When the cutting device 700 include electrodes 131 in addition to or as an alternative to the blade 130, the pair of electrodes 131 may be disposed on the outside of each pair of bowing flanges 730. For example, the electrodes 131 may comprise a pair of conductive flexible wires that are coupled to the bowing flanges 730 and form a working end 141 corresponding in size and position to the bowing flanges 730. In the example, the bowing flanges may expand and contract and so may the flexible electrodes 131. At least one advantage of this arrangement is that the electrodes may be pushed against surrounding tissue to be transected and/or used to fuse or coagulate the surrounding tissue after a transection has been performed by a pair of centrally disposed electrodes 131 (e.g., electrodes 131, depicted and discussed herein).
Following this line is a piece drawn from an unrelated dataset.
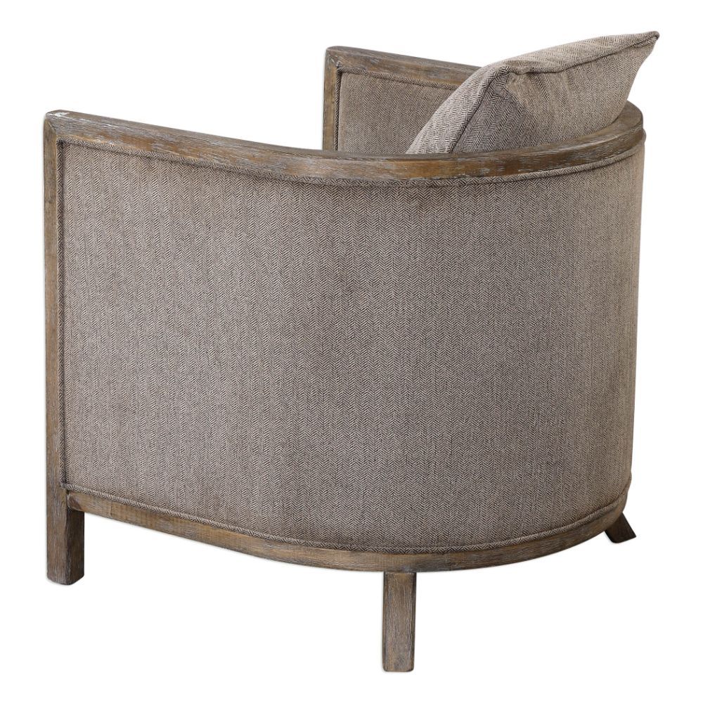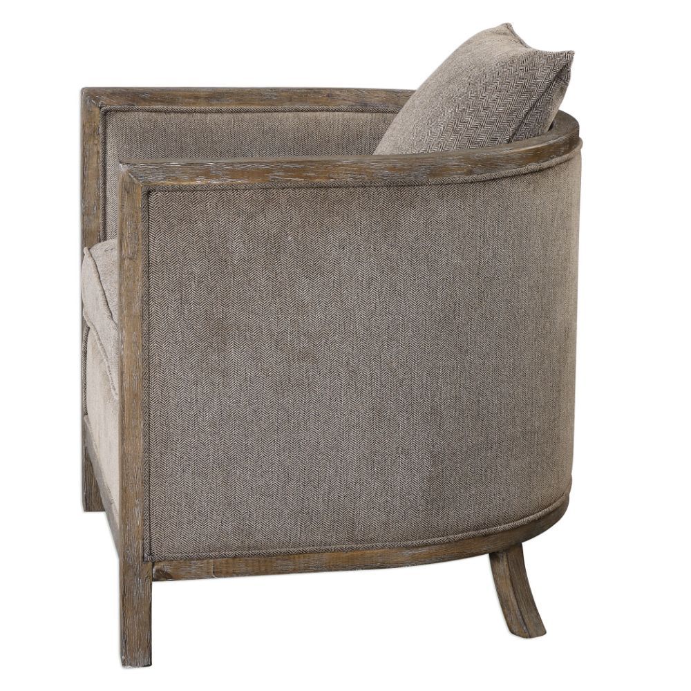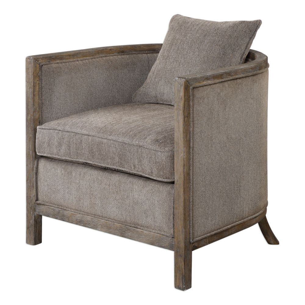 Versatile Tub Chair with A Wonderful 360 Degree View. The Softly Weathered Exposed Hardwood Frame is Lightly Washed in Gray to Blend with The Shimmering Gray Chenille Neutral Flaxen Fabric. Great to Float in Any Space. Seat Height is 18".

The bowing flanges 730 each have a distal end 735 and a proximal end 740. Each bowing flange 730 is movable between an expanded configuration 745 and a retracted configuration 746. The bowing flanges 730 are configured to bow outwardly relative to lateral sides of the cutting blade 130 when the bowing flanges 730 are in the expanded configuration 745. For example, the bowing flanges expand outwardly from the side of cutting device 700.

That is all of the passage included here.